Data excerpt:
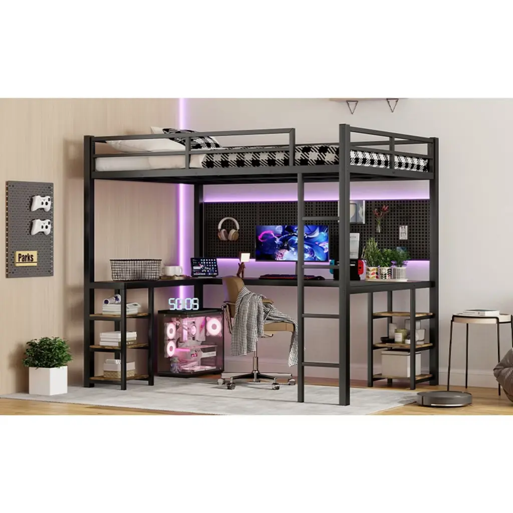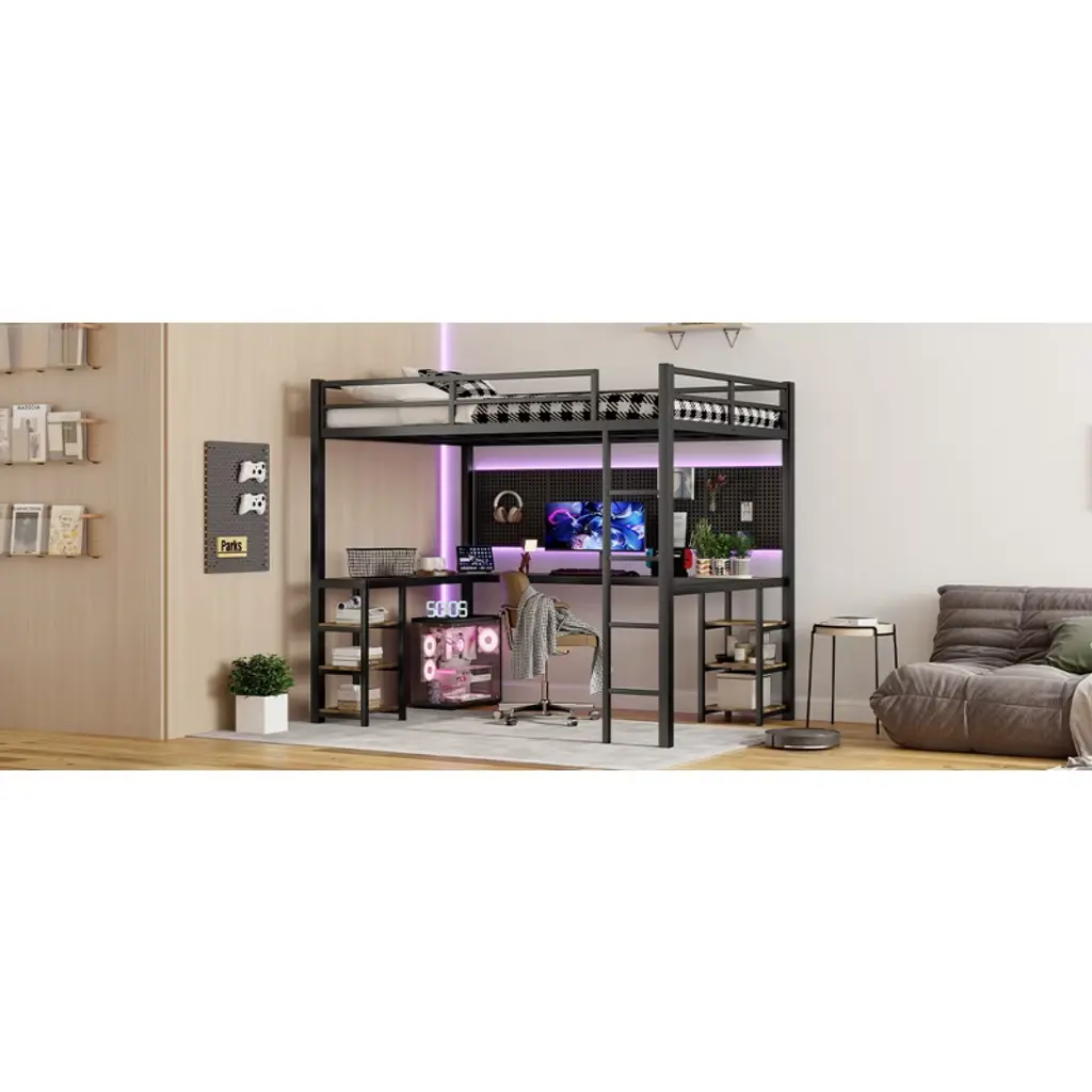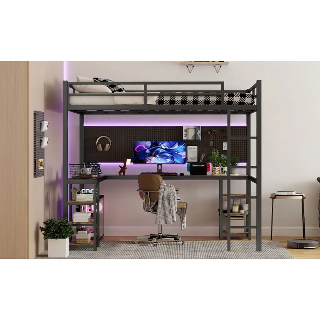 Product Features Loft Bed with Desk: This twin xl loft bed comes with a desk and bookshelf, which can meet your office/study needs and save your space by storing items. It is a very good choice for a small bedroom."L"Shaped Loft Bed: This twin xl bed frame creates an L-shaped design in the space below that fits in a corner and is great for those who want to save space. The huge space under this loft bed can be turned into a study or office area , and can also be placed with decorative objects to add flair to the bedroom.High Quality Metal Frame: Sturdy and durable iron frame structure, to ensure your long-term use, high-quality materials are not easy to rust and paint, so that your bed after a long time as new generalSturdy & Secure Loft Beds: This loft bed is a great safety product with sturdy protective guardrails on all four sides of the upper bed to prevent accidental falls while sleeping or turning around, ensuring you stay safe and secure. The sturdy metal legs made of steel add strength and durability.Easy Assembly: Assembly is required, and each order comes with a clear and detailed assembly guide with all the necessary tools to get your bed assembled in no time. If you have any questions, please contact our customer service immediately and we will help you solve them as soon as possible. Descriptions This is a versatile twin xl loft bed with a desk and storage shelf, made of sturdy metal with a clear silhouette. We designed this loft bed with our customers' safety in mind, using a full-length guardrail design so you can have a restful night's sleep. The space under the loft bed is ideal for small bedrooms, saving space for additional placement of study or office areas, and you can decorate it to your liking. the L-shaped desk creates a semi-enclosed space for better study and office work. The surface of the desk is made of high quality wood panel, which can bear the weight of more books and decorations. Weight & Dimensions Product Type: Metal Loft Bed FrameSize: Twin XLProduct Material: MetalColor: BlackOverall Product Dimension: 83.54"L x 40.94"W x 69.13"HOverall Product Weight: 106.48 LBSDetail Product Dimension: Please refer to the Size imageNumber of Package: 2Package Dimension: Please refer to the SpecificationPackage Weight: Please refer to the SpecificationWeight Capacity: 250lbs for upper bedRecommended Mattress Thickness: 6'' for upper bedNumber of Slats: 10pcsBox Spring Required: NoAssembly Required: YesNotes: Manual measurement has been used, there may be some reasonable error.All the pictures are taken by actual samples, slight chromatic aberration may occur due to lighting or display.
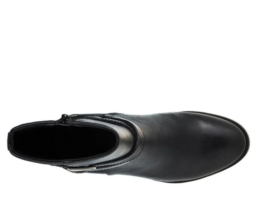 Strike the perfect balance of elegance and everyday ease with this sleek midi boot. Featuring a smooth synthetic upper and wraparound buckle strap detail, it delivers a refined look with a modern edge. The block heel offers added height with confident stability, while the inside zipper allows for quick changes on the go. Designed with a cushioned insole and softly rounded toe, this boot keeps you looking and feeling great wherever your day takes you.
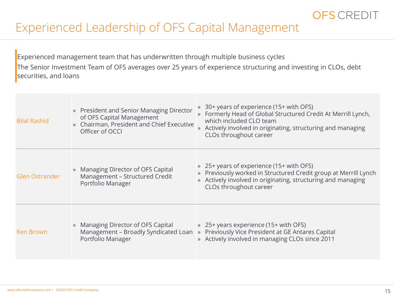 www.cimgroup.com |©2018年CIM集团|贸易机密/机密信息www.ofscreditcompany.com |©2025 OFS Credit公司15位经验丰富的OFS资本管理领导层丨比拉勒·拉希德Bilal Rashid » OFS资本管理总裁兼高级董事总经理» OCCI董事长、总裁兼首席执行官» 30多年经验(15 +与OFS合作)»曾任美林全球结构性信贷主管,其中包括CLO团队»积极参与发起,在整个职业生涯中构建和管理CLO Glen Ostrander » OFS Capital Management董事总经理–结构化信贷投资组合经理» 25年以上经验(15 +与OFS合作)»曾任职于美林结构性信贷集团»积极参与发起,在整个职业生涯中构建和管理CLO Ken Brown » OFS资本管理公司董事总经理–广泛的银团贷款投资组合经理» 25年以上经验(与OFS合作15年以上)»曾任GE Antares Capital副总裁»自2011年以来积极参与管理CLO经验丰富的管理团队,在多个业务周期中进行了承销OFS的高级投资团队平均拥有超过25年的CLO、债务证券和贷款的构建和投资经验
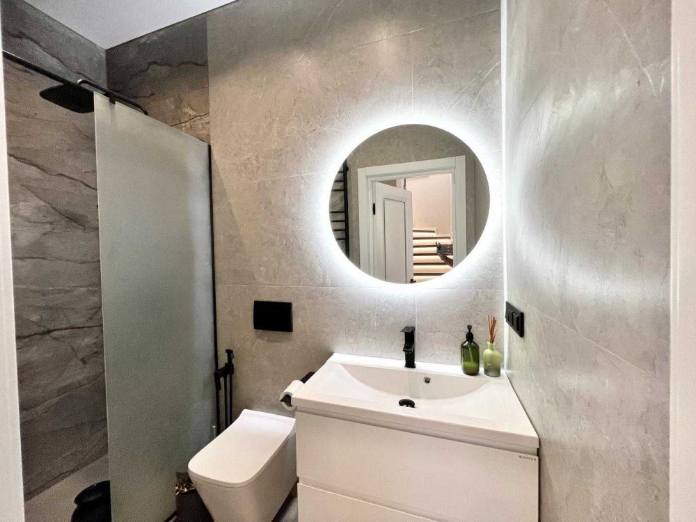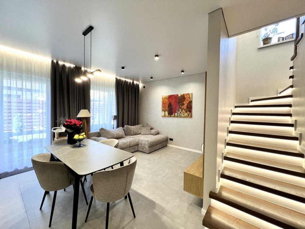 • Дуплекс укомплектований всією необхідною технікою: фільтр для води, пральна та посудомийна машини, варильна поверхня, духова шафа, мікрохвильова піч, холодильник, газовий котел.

Aim of the exercise: Reproduce the data above line for line, excluding every picture.

Answer space:
 Product Features Loft Bed with Desk: This twin xl loft bed comes with a desk and bookshelf, which can meet your office/study needs and save your space by storing items. It is a very good choice for a small bedroom."L"Shaped Loft Bed: This twin xl bed frame creates an L-shaped design in the space below that fits in a corner and is great for those who want to save space. The huge space under this loft bed can be turned into a study or office area , and can also be placed with decorative objects to add flair to the bedroom.High Quality Metal Frame: Sturdy and durable iron frame structure, to ensure your long-term use, high-quality materials are not easy to rust and paint, so that your bed after a long time as new generalSturdy & Secure Loft Beds: This loft bed is a great safety product with sturdy protective guardrails on all four sides of the upper bed to prevent accidental falls while sleeping or turning around, ensuring you stay safe and secure. The sturdy metal legs made of steel add strength and durability.Easy Assembly: Assembly is required, and each order comes with a clear and detailed assembly guide with all the necessary tools to get your bed assembled in no time. If you have any questions, please contact our customer service immediately and we will help you solve them as soon as possible. Descriptions This is a versatile twin xl loft bed with a desk and storage shelf, made of sturdy metal with a clear silhouette. We designed this loft bed with our customers' safety in mind, using a full-length guardrail design so you can have a restful night's sleep. The space under the loft bed is ideal for small bedrooms, saving space for additional placement of study or office areas, and you can decorate it to your liking. the L-shaped desk creates a semi-enclosed space for better study and office work. The surface of the desk is made of high quality wood panel, which can bear the weight of more books and decorations. Weight & Dimensions Product Type: Metal Loft Bed FrameSize: Twin XLProduct Material: MetalColor: BlackOverall Product Dimension: 83.54"L x 40.94"W x 69.13"HOverall Product Weight: 106.48 LBSDetail Product Dimension: Please refer to the Size imageNumber of Package: 2Package Dimension: Please refer to the SpecificationPackage Weight: Please refer to the SpecificationWeight Capacity: 250lbs for upper bedRecommended Mattress Thickness: 6'' for upper bedNumber of Slats: 10pcsBox Spring Required: NoAssembly Required: YesNotes: Manual measurement has been used, there may be some reasonable error.All the pictures are taken by actual samples, slight chromatic aberration may occur due to lighting or display.
 Strike the perfect balance of elegance and everyday ease with this sleek midi boot. Featuring a smooth synthetic upper and wraparound buckle strap detail, it delivers a refined look with a modern edge. The block heel offers added height with confident stability, while the inside zipper allows for quick changes on the go. Designed with a cushioned insole and softly rounded toe, this boot keeps you looking and feeling great wherever your day takes you.
 www.cimgroup.com |©2018年CIM集团|贸易机密/机密信息www.ofscreditcompany.com |©2025 OFS Credit公司15位经验丰富的OFS资本管理领导层丨比拉勒·拉希德Bilal Rashid » OFS资本管理总裁兼高级董事总经理» OCCI董事长、总裁兼首席执行官» 30多年经验(15 +与OFS合作)»曾任美林全球结构性信贷主管,其中包括CLO团队»积极参与发起,在整个职业生涯中构建和管理CLO Glen Ostrander » OFS Capital Management董事总经理–结构化信贷投资组合经理» 25年以上经验(15 +与OFS合作)»曾任职于美林结构性信贷集团»积极参与发起,在整个职业生涯中构建和管理CLO Ken Brown » OFS资本管理公司董事总经理–广泛的银团贷款投资组合经理» 25年以上经验(与OFS合作15年以上)»曾任GE Antares Capital副总裁»自2011年以来积极参与管理CLO经验丰富的管理团队,在多个业务周期中进行了承销OFS的高级投资团队平均拥有超过25年的CLO、债务证券和贷款的构建和投资经验
 • Дуплекс укомплектований всією необхідною технікою: фільтр для води, пральна та посудомийна машини, варильна поверхня, духова шафа, мікрохвильова піч, холодильник, газовий котел.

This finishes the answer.